If code throws ImportError, AttributeError, or TypeError, introspect the installed package and adapt the example to match the actual API rather than retrying.

Super-Enhancer Calling

"Identify super-enhancers from H3K27ac ChIP-seq" → Stitch nearby enhancer peaks and rank by signal to find large regulatory domains controlling cell identity genes.

  • CLI: ROSE_main.py -g hg38 -i peaks.gff -r chip.bam -c input.bam

Identify super-enhancers (SEs) - large clusters of enhancers that control cell identity genes.

Background

Super-enhancers are:

  • Large clusters of enhancer regions
  • Marked by H3K27ac, Med1, BRD4
  • Control cell identity genes
  • Often altered in disease/cancer

ROSE (Rank Ordering of Super-Enhancers)

Installation

bash
git clone https://github.com/stjude/ROSE.git
cd ROSE
# Requires samtools, R, bedtools

Input Requirements

  1. BAM file - H3K27ac ChIP-seq aligned reads
  2. Peak file - Called peaks (BED or GFF)
  3. Genome annotation - TSS annotations

Run ROSE

Goal: Identify super-enhancers by stitching nearby enhancer peaks and ranking by H3K27ac signal.

Approach: Run ROSE_main.py with a GFF peak file, ChIP-seq BAM, and optional input control to stitch enhancers within 12.5 kb, rank by signal, and identify the inflection point separating super-enhancers from typical enhancers.

bash
# Basic usage
python ROSE_main.py \
    -g HG38 \
    -i peaks.gff \
    -r h3k27ac.bam \
    -o output_dir \
    -s 12500 \
    -t 2500

# With control/input
python ROSE_main.py \
    -g HG38 \
    -i peaks.gff \
    -r h3k27ac.bam \
    -c input.bam \
    -o output_dir

Key Parameters

Parameter Description Default
-s Stitching distance 12500 bp
-t TSS exclusion 2500 bp
-c Control BAM None

Output Files

output_dir/
├── *_AllEnhancers.table.txt        # All enhancer regions
├── *_SuperEnhancers.table.txt      # Super-enhancers only
├── *_Enhancers_withSuper.bed       # BED with SE annotation
└── *_Plot_points.png               # Hockey stick plot

Prepare Input Files

Convert BED to GFF

bash
# ROSE requires GFF format for peaks
awk 'BEGIN{OFS="\t"} {print $1,"peaks","enhancer",$2,$3,".",$6,".","ID="NR}' \
    peaks.bed > peaks.gff

Filter Peaks for Enhancers

bash
# Remove promoter peaks (within 2.5kb of TSS)
bedtools intersect -a peaks.bed -b promoters.bed -v > enhancer_peaks.bed

Alternative: HOMER Super-Enhancers

bash
# Call super-enhancers with HOMER
findPeaks tag_dir/ -style super -o auto

# Or from existing peaks
findPeaks tag_dir/ -style super -i input_tag_dir/ \
    -typical typical_enhancers.txt \
    -superSlope -1000 \
    > super_enhancers.txt

Alternative: SEanalysis

bash
# R-based analysis
Rscript << 'EOF'
library(SEanalysis)

# Load H3K27ac signal at enhancers
signal <- read.table('enhancer_signal.txt', header=TRUE)
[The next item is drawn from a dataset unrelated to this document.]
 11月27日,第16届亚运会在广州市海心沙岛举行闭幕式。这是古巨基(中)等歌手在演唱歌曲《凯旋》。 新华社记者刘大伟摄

# Rank and identify super-enhancers
se_result <- identifySE(signal$signal, method='ROSE')

# Get super-enhancer IDs
super_enhancers <- signal$id[se_result$is_super]
write.table(super_enhancers, 'super_enhancers.txt', quote=FALSE, row.names=FALSE)
EOF

Custom Hockey Stick Analysis (R)

Goal: Classify enhancers as super-enhancers vs typical using a custom hockey stick plot and inflection-point detection.
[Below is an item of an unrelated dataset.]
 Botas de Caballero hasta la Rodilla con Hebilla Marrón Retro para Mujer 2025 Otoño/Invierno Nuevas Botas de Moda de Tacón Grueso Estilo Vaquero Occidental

Approach: Rank enhancers by normalized signal, compute the slope at each point, find where the tangent exceeds 1 (inflection point), and classify all enhancers above the inflection as super-enhancers.

r
library(ggplot2)

# Load enhancer signal data
enhancers <- read.table('enhancer_signal.txt', header=TRUE)

# Rank by signal
enhancers <- enhancers[order(enhancers$signal), ]
enhancers$rank <- 1:nrow(enhancers)

# Find inflection point (tangent = 1)
# Normalize ranks and signal to 0-1
enhancers$rank_norm <- enhancers$rank / max(enhancers$rank)
enhancers$signal_norm <- enhancers$signal / max(enhancers$signal)

# Calculate slope at each point
n <- nrow(enhancers)
slopes <- diff(enhancers$signal_norm) / diff(enhancers$rank_norm)
inflection <- which(slopes > 1)[1]

# Classify
enhancers$type <- ifelse(enhancers$rank >= inflection, 'Super-Enhancer', 'Typical')

# Plot
ggplot(enhancers, aes(rank, signal, color = type)) +
    geom_point(size = 0.5) +
    scale_color_manual(values = c('Super-Enhancer' = 'red', 'Typical' = 'grey60')) +
    geom_vline(xintercept = inflection, linetype = 'dashed') +
    labs(x = 'Enhancer Rank', y = 'H3K27ac Signal', title = 'Super-Enhancer Identification') +
    theme_bw()

ggsave('hockey_stick_plot.pdf', width = 8, height = 6)

# Output super-enhancers
super_enhancers <- enhancers[enhancers$type == 'Super-Enhancer', ]
write.table(super_enhancers, 'super_enhancers.txt', sep = '\t', quote = FALSE, row.names = FALSE)

Calculate Enhancer Signal

bash
# Get H3K27ac signal at peak regions
bedtools multicov -bams h3k27ac.bam -bed enhancer_peaks.bed > enhancer_counts.txt

# Normalize by peak size
awk 'BEGIN{OFS="\t"} {
    size = $3 - $2
    rpm = ($NF / TOTAL_READS) * 1e6
    rpkm = rpm / (size / 1000)
    print $0, rpkm
}' enhancer_counts.txt > enhancer_signal.txt

Downstream Analysis

Gene Assignment

bash
# Assign super-enhancers to nearest genes
bedtools closest -a super_enhancers.bed -b genes.bed -d > se_gene_assignment.txt

Compare Conditions

Goal: Find super-enhancers gained or lost between two experimental conditions.

Approach: Convert super-enhancer tables to GRanges objects and use subsetByOverlaps with invert to identify condition-specific super-enhancers.

r
# Load SE from two conditions
se1 <- read.table('condition1_SE.txt', header=TRUE)
se2 <- read.table('condition2_SE.txt', header=TRUE)

# Find differential super-enhancers
library(GenomicRanges)
gr1 <- makeGRangesFromDataFrame(se1)
gr2 <- makeGRangesFromDataFrame(se2)

# Gained in condition 2
gained <- subsetByOverlaps(gr2, gr1, invert=TRUE)

# Lost in condition 2
lost <- subsetByOverlaps(gr1, gr2, invert=TRUE)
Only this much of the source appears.